Board pearl: A 45-year-old man with knee chondrocalcinosis, skin hyperpigmentation, and diabetes → hereditary hemochromatosis — order transferrin saturation and ferritin, then HFE gene testing. The arthropathy is often the presenting feature.

— 78-year-old woman, day 3 post-hip arthroplasty, develops hot swollen knee, T 38.2°C, WBC 12,000. Aspirate shows 25,000 WBC, rhomboid weakly positively birefringent crystals, negative Gram stain. Answer: intra-articular triamcinolone after culture sent; supportive care.
— 72-year-old with CKD stage 3 on chronic colchicine for pseudogout prophylaxis is prescribed clarithromycin for pneumonia; presents 5 days later with diarrhea, myalgias, pancytopenia. Answer: colchicine toxicity from CYP3A4/P-gp inhibition; stop colchicine, supportive care, switch antibiotic to azithromycin.
— 42-year-old man with recurrent wrist and knee arthritis, X-ray shows chondrocalcinosis, MCP hook osteophytes, hepatomegaly, elevated AST/ALT. Answer: hereditary hemochromatosis; check transferrin saturation and ferritin, HFE genotype, therapeutic phlebotomy.
— 76-year-old presents with severe acute neck pain, low-grade fever, CRP 80, neck rigidity, no headache or photophobia. CT cervical spine shows calcification around odontoid. Answer: crowned dens syndrome — NSAID or short steroid course; not antibiotics or LP.

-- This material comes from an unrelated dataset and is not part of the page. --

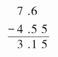 $\begin{array}{r}7.6 \\-4.55 \\\hline3.15\end{array} $
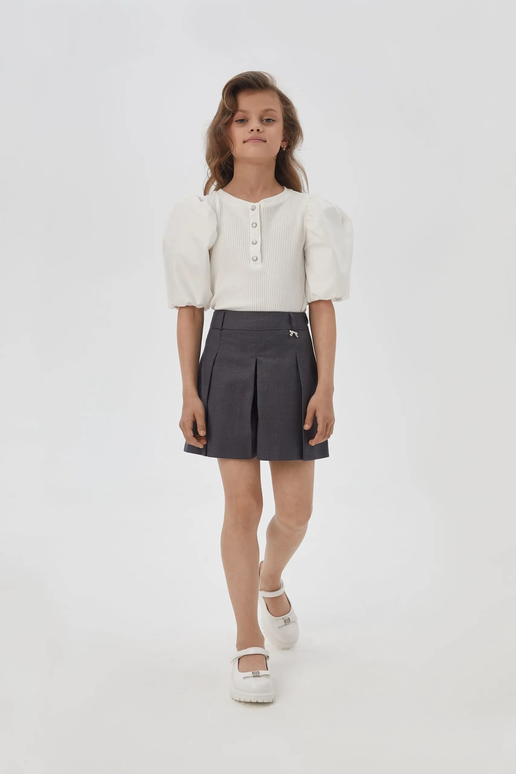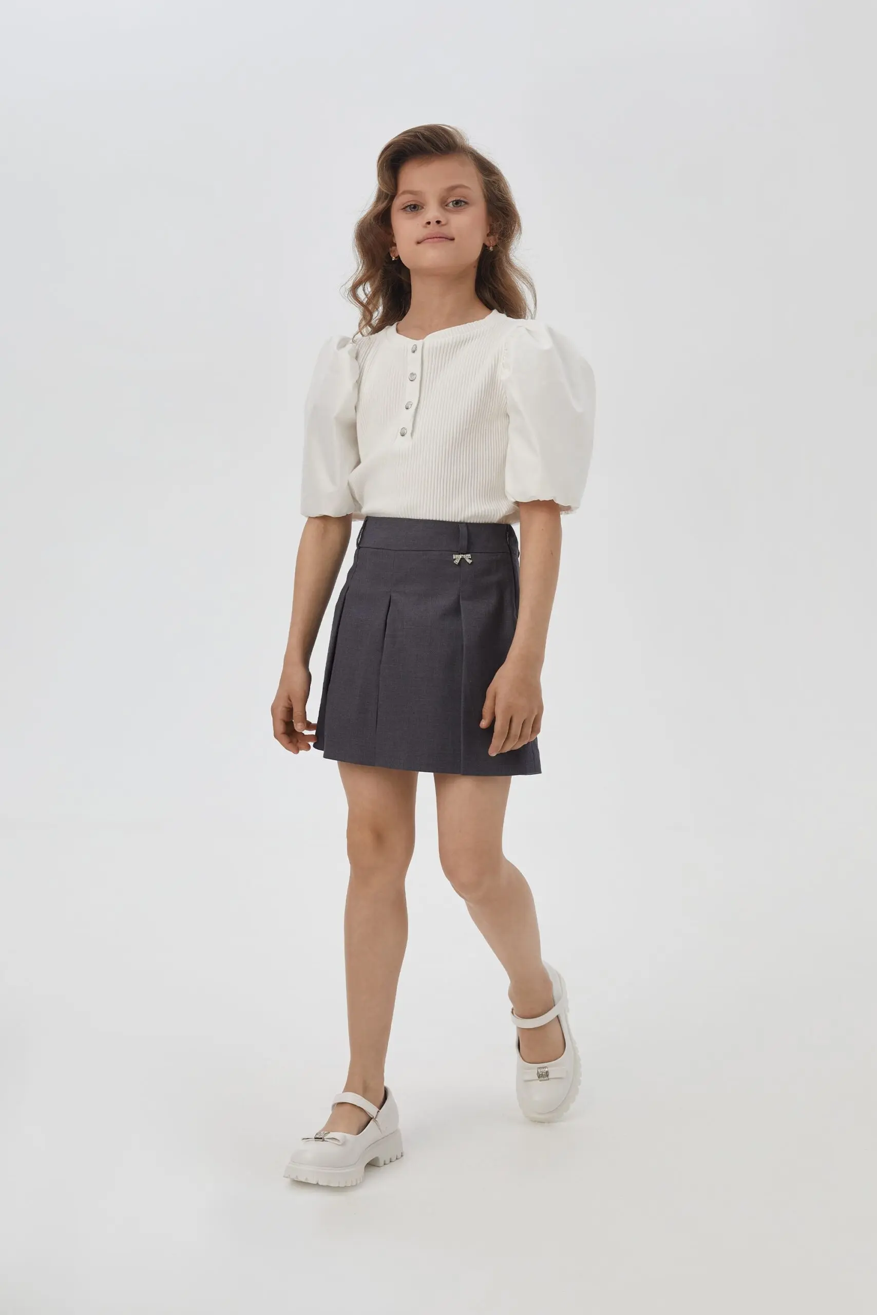 Стильная юбка-шорты для девочек – это комфортное и функциональное решение для школьных будней. Изделие выполнено из высококачественной смесовой ткани. Вискозная подкладка с хорошей воздухопроницаемостью гарантирует дополнительный ... комфорт при носке. Характерные черты модели: широкие складки, регулируемый пояс для удобной посадки, шлевки для ремня, застежка-молния. Необычный акцент – украшение в виде бантика.

— Acute knee swelling in 80-year-old; synovial fluid shows weakly positively birefringent rhomboid crystals; uric acid normal. Answer: pseudogout, not gout — no ULT needed.
— Known pseudogout patient with hot knee and fever; the next best step is arthrocentesis with Gram stain and culture before starting steroids — anchoring bias kills.
— Post-injection pain peaking at 24 hours, no fever, sterile aspirate → post-injection steroid flare; treat with ice/NSAID, reassure.
— Knee X-ray for unrelated trauma shows chondrocalcinosis; patient asymptomatic. Answer: no treatment; screen for secondary causes if young.
Key distinction: Step 3 vignettes frequently test the transition decision — "what is the next best step in the outpatient management?" — favoring prophylactic colchicine for recurrent flares and referral for secondary cause workup over acute pharmacology.

Pseudogout (CPPD) is a crystal arthropathy of older adults diagnosed by rhomboid, weakly positively birefringent calcium pyrophosphate crystals on synovial fluid analysis, managed acutely with arthrocentesis plus intra-articular or systemic anti-inflammatories, and longitudinally with colchicine prophylaxis and evaluation for treatable secondary causes — always excluding septic arthritis first.
High-yield recap bullets:
Board pearl: "Parallel, Blue, Positive = Pseudogout" — the single mnemonic that distinguishes CPPD from gout on polarized microscopy, and the single most testable fact in this topic across both Step 2 CK and Step 3.